*** Opening of Recorded data ***
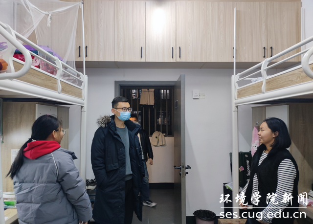 党委副书记王海锋、辅导员孟庆达一行走访南望山校区学生宿舍
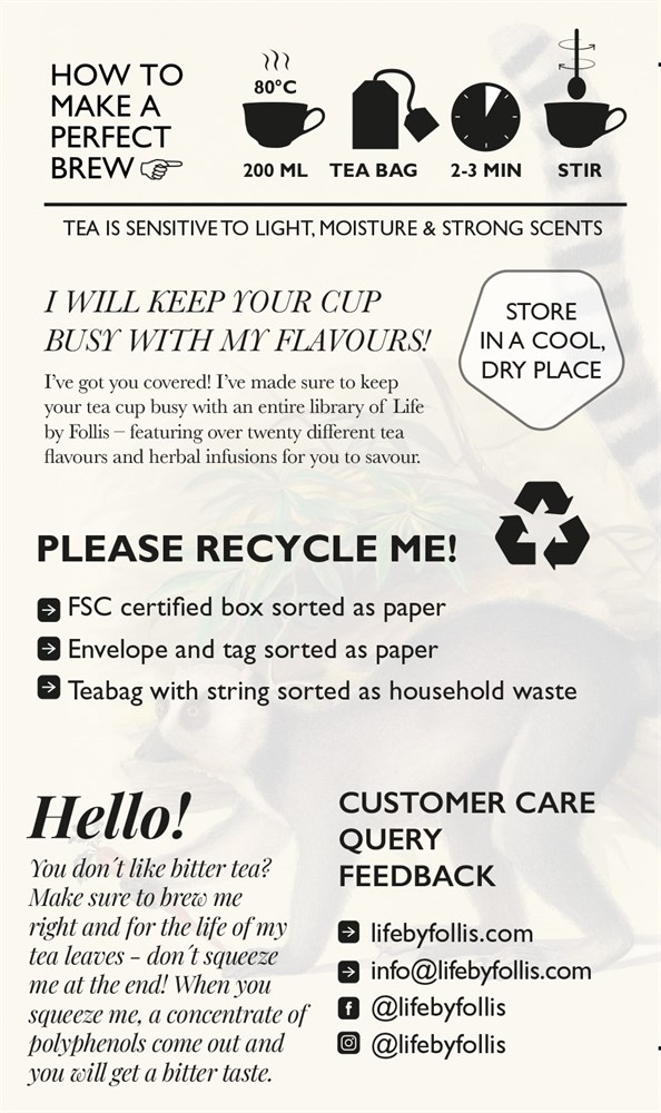 Varje tepåse är individuellt förpackad i ett tätt kuvert för att bevara teets kvalité och den unika aromen. 20 tepåsar/ask.
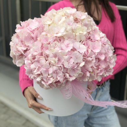 Шляпная коробка с пионовидными лилиями, розами и голубым оксипеталумом
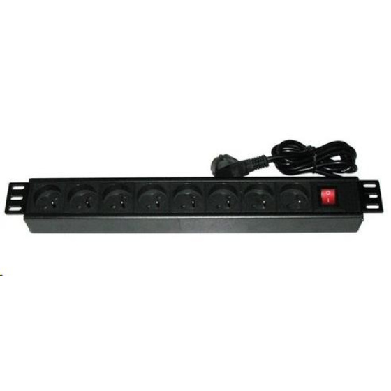 19" rozvodný panel XtendLan 8x230V, ČSN, vypínač, indikátor napětí, kabel 1,8m, výška 1,5U
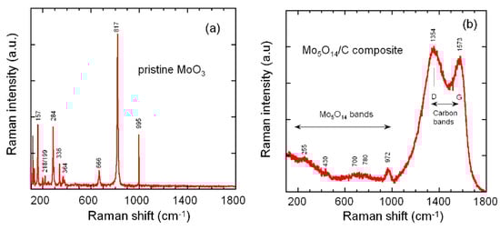 Since XRD experiments are not efficient tools to determine the structure of ill-crystallized materials, we investigated the short-range local structure of Mo5O14/C composite using Raman spectroscopy. Figure 4 compares the Raman patterns of the pristine MoO3 (a) and the Mo5O14/C composite (b). The Raman spectrum of Mo5O14/C composite prepared at 500 °C in argon atmosphere can be considered as the sum of the Mo5O14 and carbon contribution. In the low-frequency region, the spectrum shows features of the molybdenum oxide phase, while the high-frequency range (greater than 1200 cm−1) displays the fingerprint of the carbon matrix. Note that the weak intensity of Mo5O14 Raman pattern is due to the presence of carbon environment absorbing the scattering light. The five low-frequency Raman bands located at 972, 780, 700, 430 and 225 cm−1 can be identified as the vibrational patterns of tetragonal Mo5O14. The Mo-O stretching mode appears at 972 cm−1, the Mo-O-Mo bridging modes are recorded at 780, 700 and 430 cm−1, while the deformation modes of the Mo-O bonds appear at ca. 225 cm−1. This deformation mode was observed at 229 cm−1 in Mo4O11. It should be noted that this Raman spectrum definitely differs from those of either α-MoO3 (Figure 4a) or Mo4O11 phase [,]. For example, in the spectrum of Mo5O14, the broad peak at ~780 cm−1 replaces the sharp peak of α-MoO3 at 820 cm−1, which reveals the presence of sub-stoichiometric MomO3m−1 crystals. Such a blue shift of the stretching mode is attributed to the modification of Mo-O bonds induced by the reduction of Mo6+ to Mo5+ next to the oxygen vacancies []. Nazri and Julien [] showed that the intensities and positions of vibrational bands of MoO3·nH2O are extremely sensitive to small changes of the Mo-O polyhedra. A loss of the translational symmetry is expected because of the oxygen vacancies present in the MomO3m−1 lattice. Thus, the highest stretching mode appears at 996 cm−1 in MoO3, while it is shifted to 985 cm−1 in Mo4O11. The Hardcastle–Wachs approach allows to correlate the Raman shifts with the Mo–O bond distances []. The stretching at 972 cm−1 observed in the Raman spectrum of Mo5O14 appears at the same frequency as that of MoO3·nH2O with a Mo-O distance of 1.687 Å against 1.671 Å for anhydrous α-MoO3. The broad bands observed in the range 1200–1600 cm−1 correspond to the D- and G-bands of carbon. The D-band at 1354 cm−1 is associated with the disorder-allowed A1g zone-edge mode of graphite, whereas the G-band centered at 1573 cm−1 corresponds to the optically allowed E2g zone center mode of crystalline graphite. The broadening of the G- and D-bands are characteristics of localized in-plane sp2 domains, and disordered graphitic-like carbon, respectively. The peak intensity ratio ID/IG of approximately 1.19 confirms the low degree of graphitization of the carbon matrix and the small size of the graphitic domains La of about 4.8 nm according to the empirical equation La (nm) = 4.4 ID/IG []. The limited graphitization is due to the low temperature used for the preparation of the composite (i.e., 500 °C), but seems enough to be beneficial for electron transport from/to the semiconducting Mo5O14 active material.
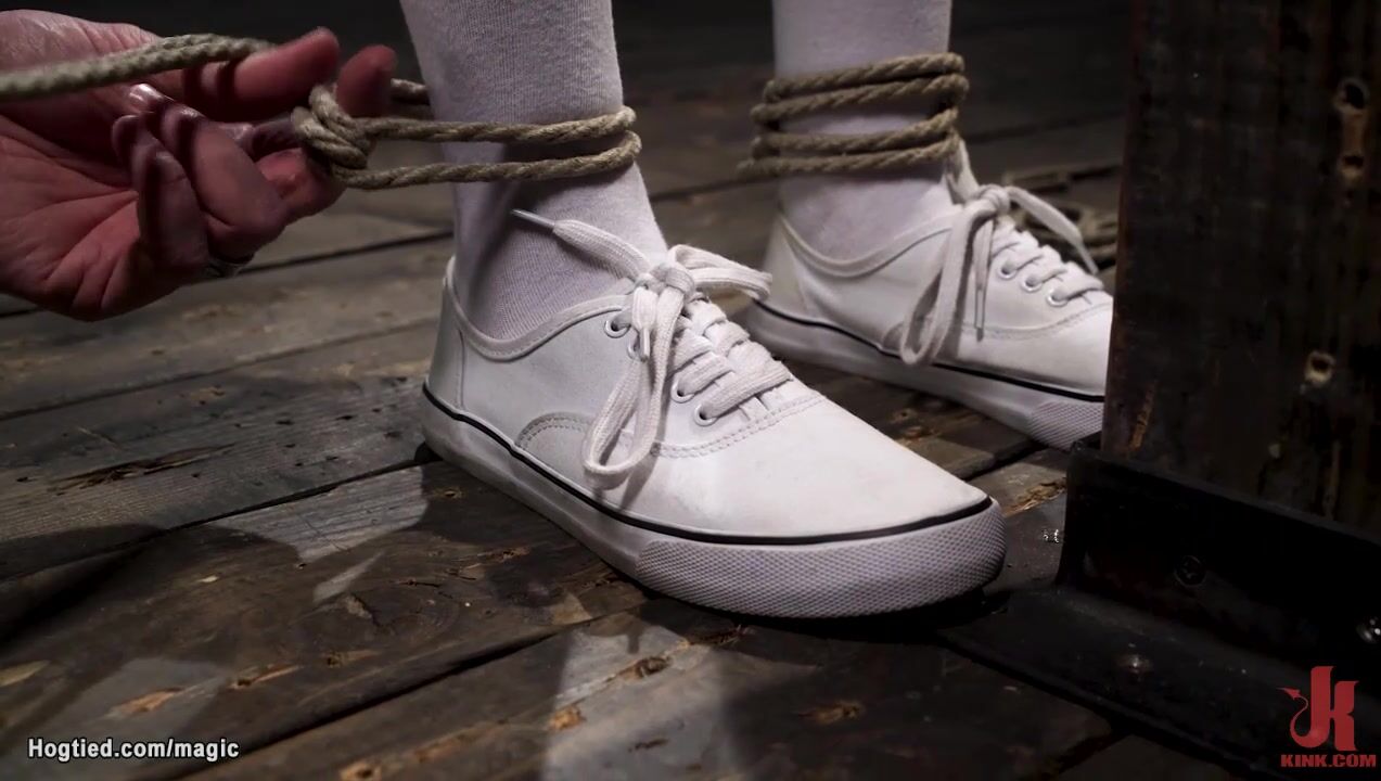 Bound with face aginst post Casey Calvert gets big ass paddled then takes crotch rope on the floor till hogtied pulled in suspension by master The Pope
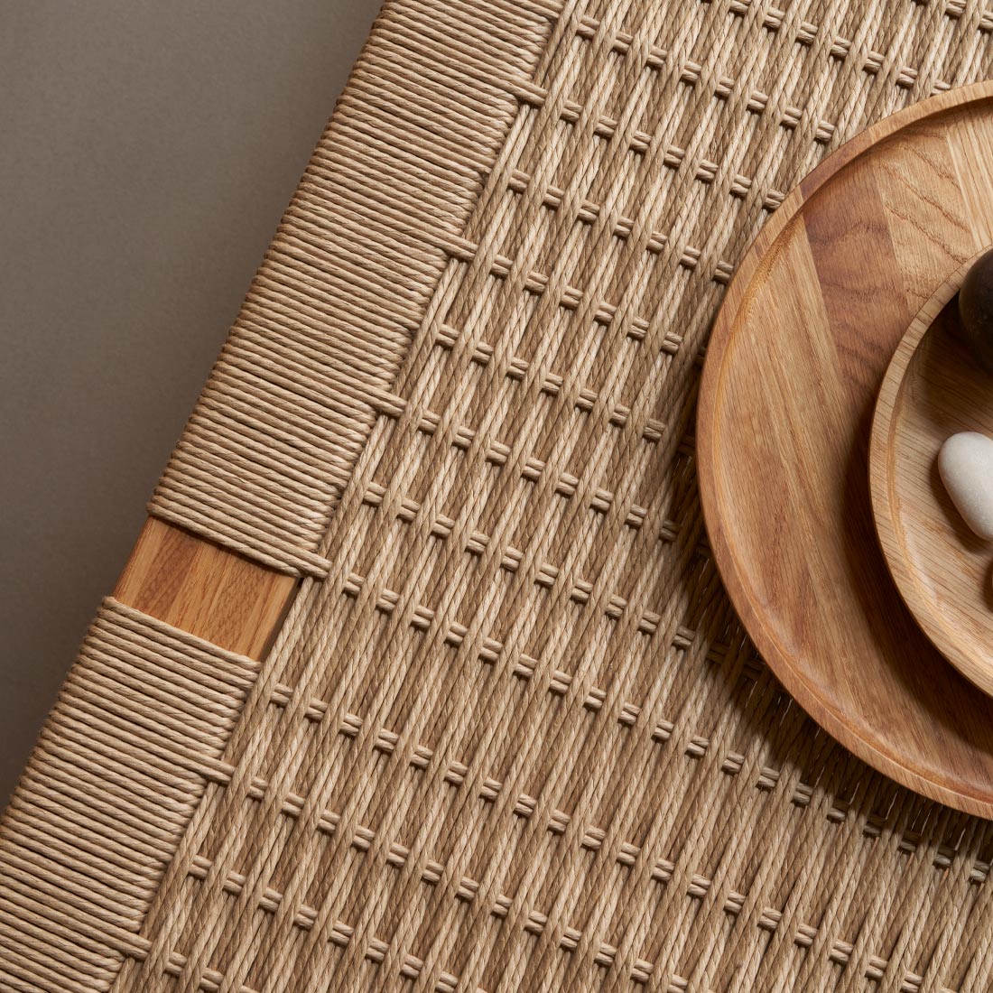 ラタン(籐)仕様との大きな違いは、この緻密なペーパーコードの編み目にあります。熟練の職人が「二重平織り(ダブル平編み)」で隙間なく編み上げることで、座面はしっかりと平らに保たれています。そのため、トレイに乗せた飲み物を置くサイドテーブルとしても安定して使えます。また、ベンチとして腰掛けた際は、木材にはない柔らかな当たりがあり、手で触れるとサラッとした張りのある感触が伝わります。
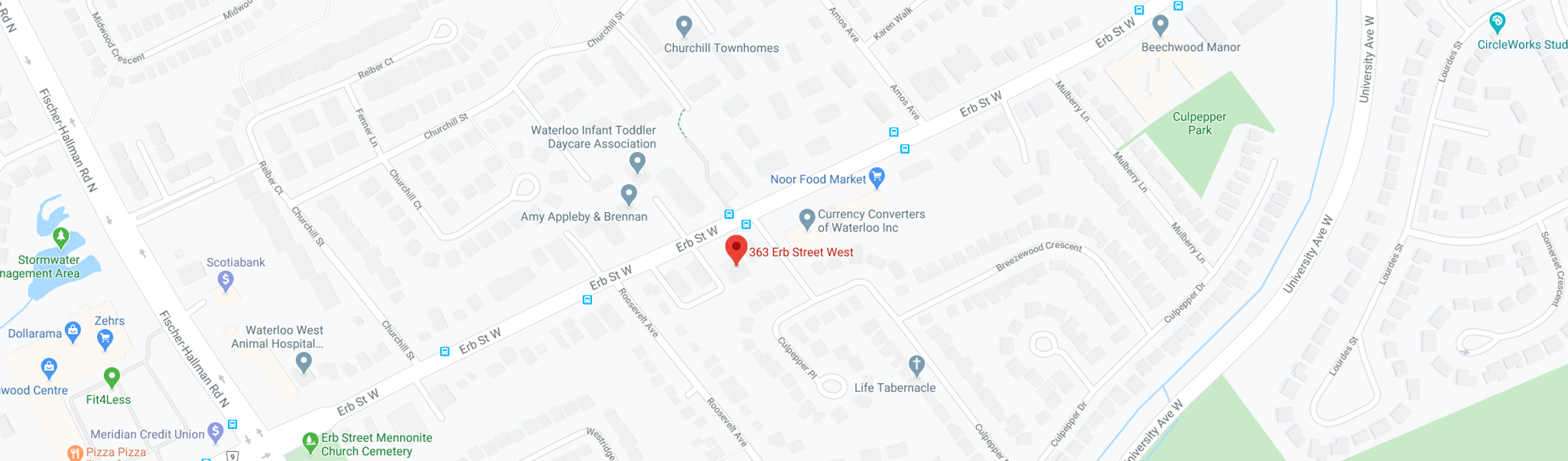 Located on Erb Street, Waterloo, 363 Erb Street West is conveniently located within a walking distance of many grocery stores, restaurants, and shops located on Erb Street, as well as being steps away from GRT bus stops.
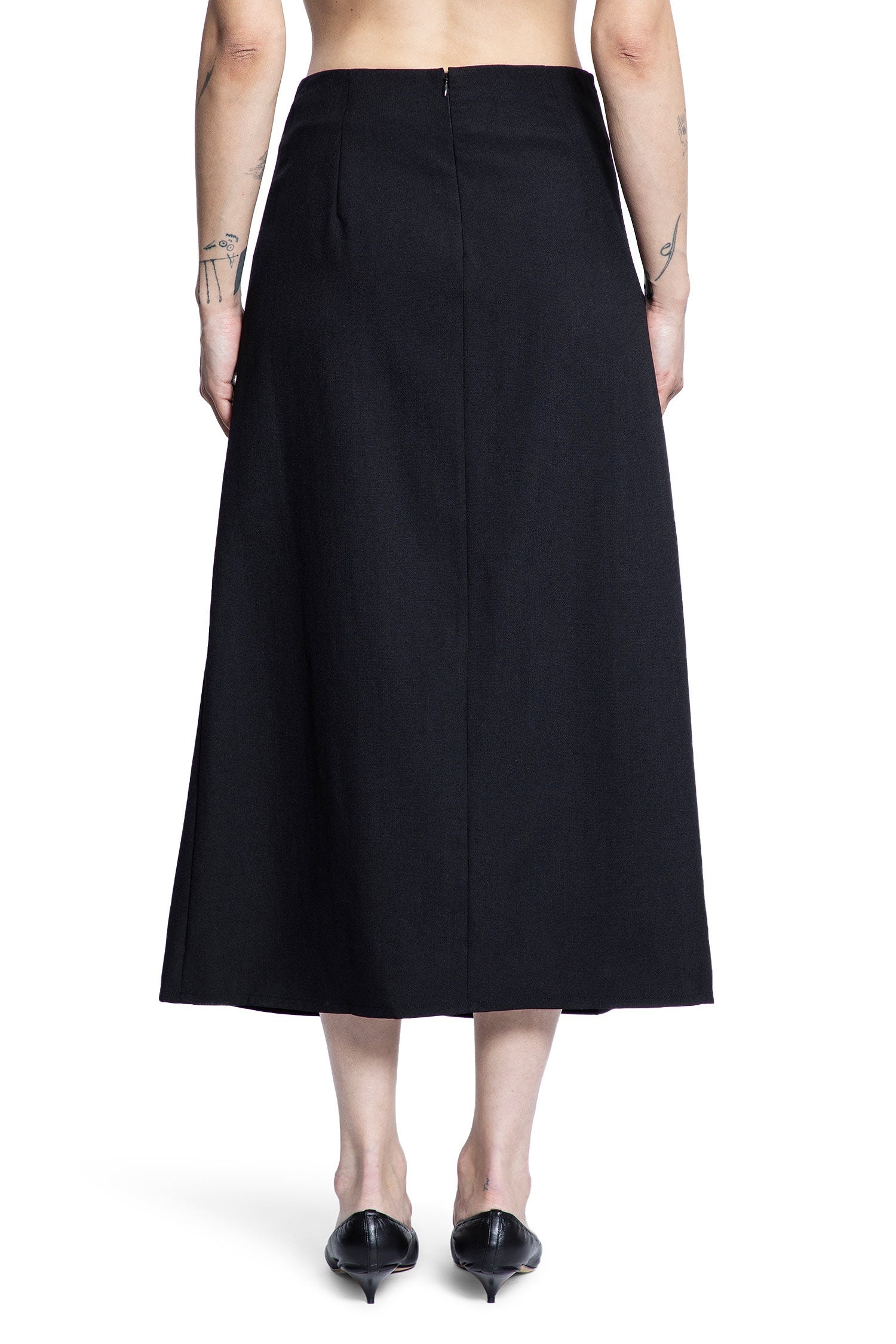 DESCRIPTION - Black - Stretch wool twill - High-waisted - Pleated front - Back zip closure - Flared cut DETAILS - Made in: Italy - Composition: 94% Virgin Wool 6% Polyamide - Model code: FUSESNW1597 BLACK - Item ID: 9398869590358 SIZE & FIT Model wears size 38 Model Height 175 cm Bust 82 cm Waist 68 cm Hips 93 cm
*** Close of Recorded data ***
# Your assignment:
Every line above in the stretch from the one with "ラタン(籐)仕様との大きな違" through the one with "Located on Erb Street, Waterloo, 363" is to be transcribed exactly, ends included. No picture is copied.

# Task result:
 ラタン(籐)仕様との大きな違いは、この緻密なペーパーコードの編み目にあります。熟練の職人が「二重平織り(ダブル平編み)」で隙間なく編み上げることで、座面はしっかりと平らに保たれています。そのため、トレイに乗せた飲み物を置くサイドテーブルとしても安定して使えます。また、ベンチとして腰掛けた際は、木材にはない柔らかな当たりがあり、手で触れるとサラッとした張りのある感触が伝わります。
 Located on Erb Street, Waterloo, 363 Erb Street West is conveniently located within a walking distance of many grocery stores, restaurants, and shops located on Erb Street, as well as being steps away from GRT bus stops.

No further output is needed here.